Antes de enamorarte de una vivienda, hay una pregunta que conviene responder primero: ¿qué hipoteca te va a conceder realmente el banco? Muchas personas empiezan a mirar pisos sin saber cuál es su presupuesto real, y se llevan una sorpresa cuando el banco les ofrece una financiación muy por debajo de lo que esperaban. En este artículo te explicamos, con fórmulas y ejemplos, cómo calcular tu capacidad hipotecaria antes de empezar a buscar.
La regla del 30-35%: el primer filtro de cualquier banco
El criterio que utilizan todas las entidades financieras en España, en línea con las recomendaciones del Banco de España, es muy simple: tu cuota hipotecaria mensual, sumada a cualquier otra deuda que tengas, no debería superar el 30-35% de tus ingresos netos mensuales. Este porcentaje se conoce como ratio o porcentaje de endeudamiento, y es el primer cálculo que hace cualquier banco al estudiar tu solicitud, antes incluso de fijarse en qué piso quieres comprar.
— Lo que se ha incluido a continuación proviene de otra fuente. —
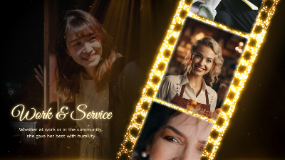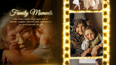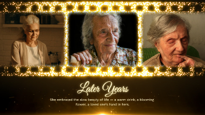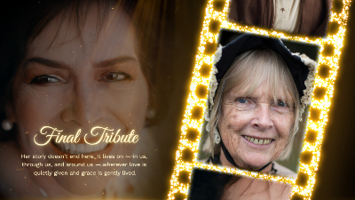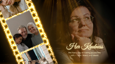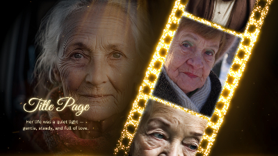 Life is like a movie, but just like any great film, it will always have an ending. Here's a funeral template from FlexClip with a film style and a beautiful golden background. Feel free to customize it and make it uniquely yours for honoring loved ones!

La fórmula básica es esta:
Cuota máxima mensual = (Ingresos netos mensuales × 0,35) − Otras deudas mensuales
Es importante entender qué entra en el cálculo:
- Ingresos netos: lo que realmente te ingresan en la cuenta después de impuestos y cotizaciones, incluyendo nómina, pensiones u otros ingresos recurrentes acreditables.
- Otras deudas: préstamos personales, financiación de coche, compras a plazos y cuotas de tarjetas de crédito. Incluso una tarjeta con un límite alto que apenas usas puede restarte capacidad, porque el banco la computa como riesgo potencial.
Ejemplo práctico paso a paso
Imagina que ingresas 2.000€ netos al mes y no tienes ninguna otra deuda activa:
- Cuota máxima mensual: 2.000€ × 0,35 = 700€/mes
- Capital máximo aproximado a 30 años (a un tipo de interés en torno al 3%): unos 163.000€
- Precio máximo de vivienda, considerando que el banco financia hasta el 80%: aproximadamente 204.000€
Ahora supongamos que tienes un préstamo de coche de 300€ al mes:
- Cuota máxima mensual: (2.000€ × 0,35) − 300€ = 700€ − 300€ = 400€/mes
- Esto reduce de forma notable el capital que el banco está dispuesto a prestarte, aunque tus ingresos sean los mismos.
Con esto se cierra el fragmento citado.